• _GOAL OF THE EXERCISE_: Write only how many lines of the listing below include the string "argent".

• _PROVIDED MATERIAL_:
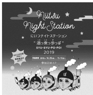
酒っ衆っ歩っぽ など
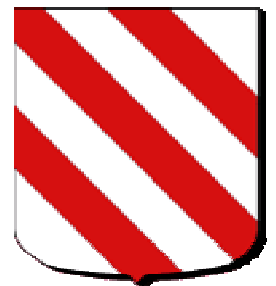
Blason de Lancelot Chevalier de la table ronde D'argent aux trois bandes de gueules

- Ne jamais mettre couleur sur couleur, ou métal sur métal ( donc pas de lion bleu sur fond rouge, par exemple, mais sur fond or ou argent.
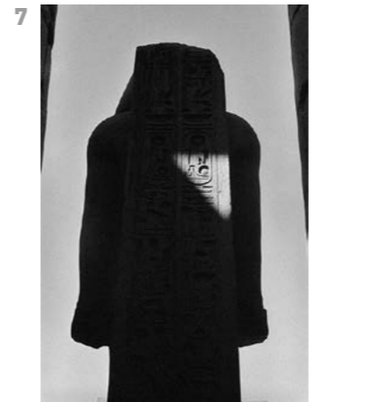
© Pierre de Fenoÿl Louxor, Haute Egypte, 1984
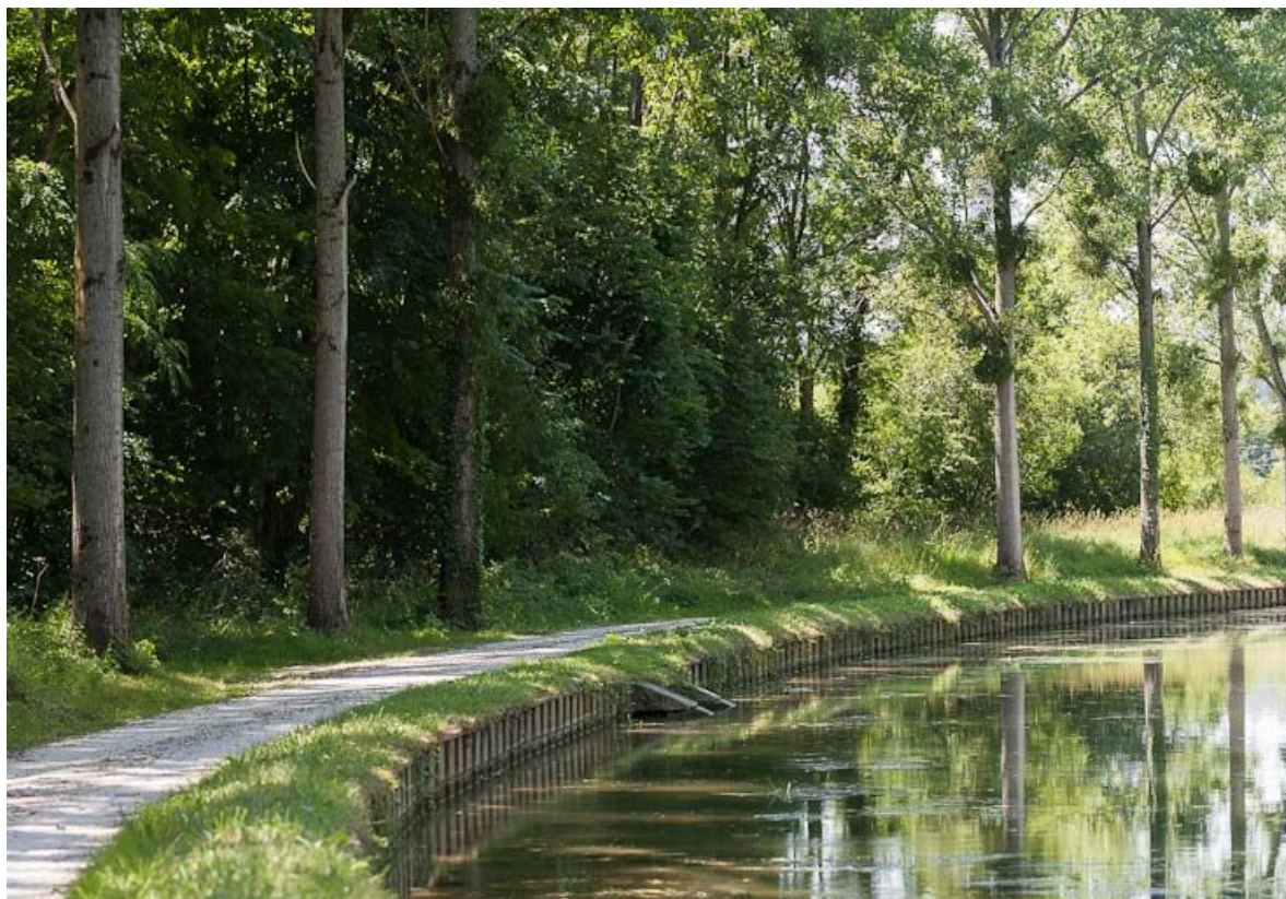
Bief 75 du versant Yonne à Ravières : le déversoir côté canal.

N° de l'illustration : 20128900366NUC4AQ
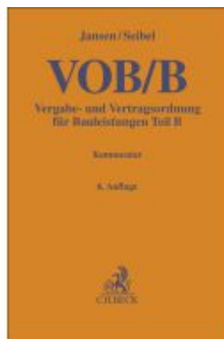
VOB/B Ladenpreis: 194,30EUR

Wir haben andere Produkte gefunden, die Ihnen gefallen könnten!
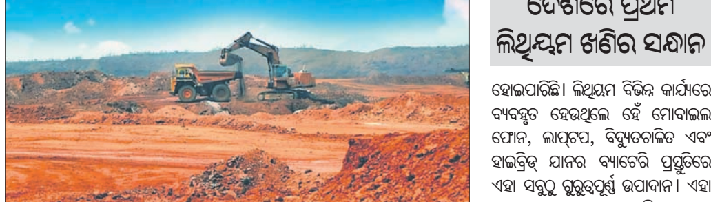
ହୋଇପାରିଛି। ଲିଥିୟମ ବିଭିନ୍ନ କାର୍ଯ୍ୟରେ ବ୍ୟବହୃତ ହେଉଥିଲେ ଚୈ ମୋବାଇଲ୍ ଫୋନ୍, ଲାପ୍‌ଟପ୍, ବିଦ୍ୟୁତ୍‌ଚଳିତ ଏବଂ ହାଇବ୍ରିଡ୍ ଯାନର ବ୍ୟାଟେରି ପ୍ରଭୃତିରେ ଏହା ସବୁରୁ ଗୁରୁତ୍ୱପୂର୍ଣ୍ଣ ଉପାଦାନ। ଏହା ବ୍ୟତୀତ କାଚ ଏବଂ ସେରାମିକ୍‌ସୁ ସୁଦ୍ଧ ଓ ତାପ ପ୍ରତିରୋଧୀ କରିବାକୁ ସେଥିରେ ଲିଥିୟମ ମିଶ୍ରଣ କରାଯାଇଥାଏ। ଆଲୁମିନିୟମ ଏବଂ ତମ୍ବା ସହ ଲିଥିୟମ ମିଶ୍ରଣ ବିମାନ, ମହାକାଶ ଯାନ ନିର୍ମାଣରେ ବ୍ୟବହାର କରାଯାଇଥାଏ।

• _EXERCISE RESULT_: 2